-- DATA SHOWN --
>>>

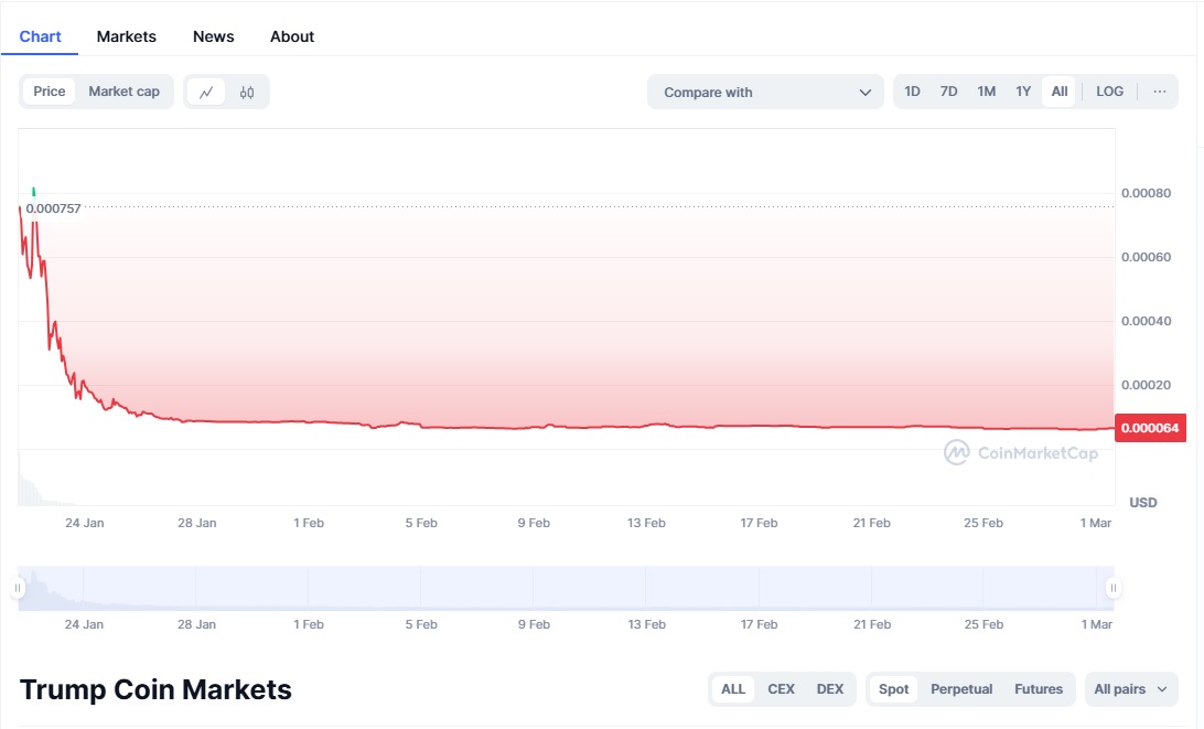Το $Trump, ένα «meme coin» που παρουσιάστηκε στις 17 Ιανουαρίου, τρεις ημέρες πριν από την ορκωμοσία του Τραμπ, έχει χάσει πάνω από το 80% της αξίας του από την ανώτερη τιμή του στις 19 Ιανουαρίου.
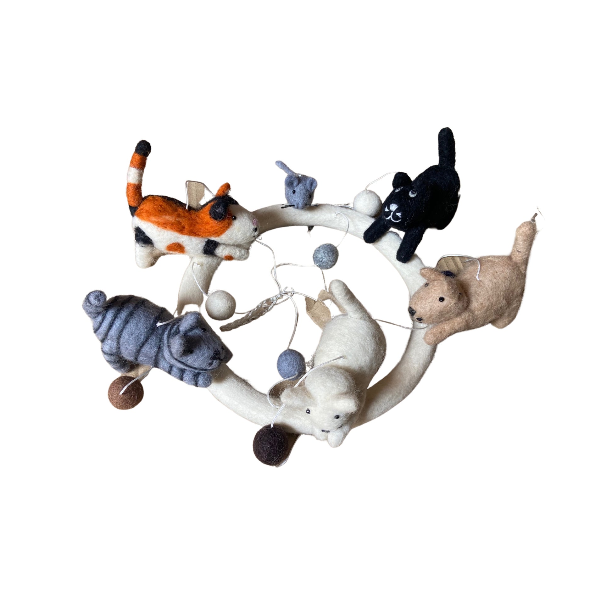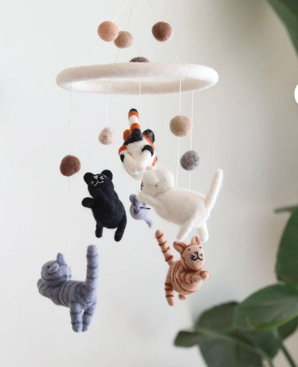 This adorable mobile is the perfect addition for any cat lover. Will create an adorable atmosphere in any rooom. Comes with 5 pussy cats and a cheeky mouse.
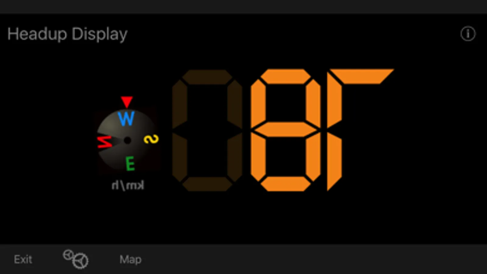 Headup-Display is a program, to screen the actual GPS-speed on the windscreen of your car. Therefore the display is mirrored on the iPhone and will be correct on the windscreen. This kind of projection is normally built in in expensive cars, but also for retrofitting there are hardware-solutions, which are expensive. With this solution you have the speed, especially at night, always in the field of view. At that the display at the windscreen is bright, clear and recognizable.

<<<

-- TASK INSTRUCTIONS --
Retype the full listing above precisely. Exclude each picture you find in it.

-- RESULT FOR THIS TASK --
Το $Trump, ένα «meme coin» που παρουσιάστηκε στις 17 Ιανουαρίου, τρεις ημέρες πριν από την ορκωμοσία του Τραμπ, έχει χάσει πάνω από το 80% της αξίας του από την ανώτερη τιμή του στις 19 Ιανουαρίου.
 This adorable mobile is the perfect addition for any cat lover. Will create an adorable atmosphere in any rooom. Comes with 5 pussy cats and a cheeky mouse.
 Headup-Display is a program, to screen the actual GPS-speed on the windscreen of your car. Therefore the display is mirrored on the iPhone and will be correct on the windscreen. This kind of projection is normally built in in expensive cars, but also for retrofitting there are hardware-solutions, which are expensive. With this solution you have the speed, especially at night, always in the field of view. At that the display at the windscreen is bright, clear and recognizable.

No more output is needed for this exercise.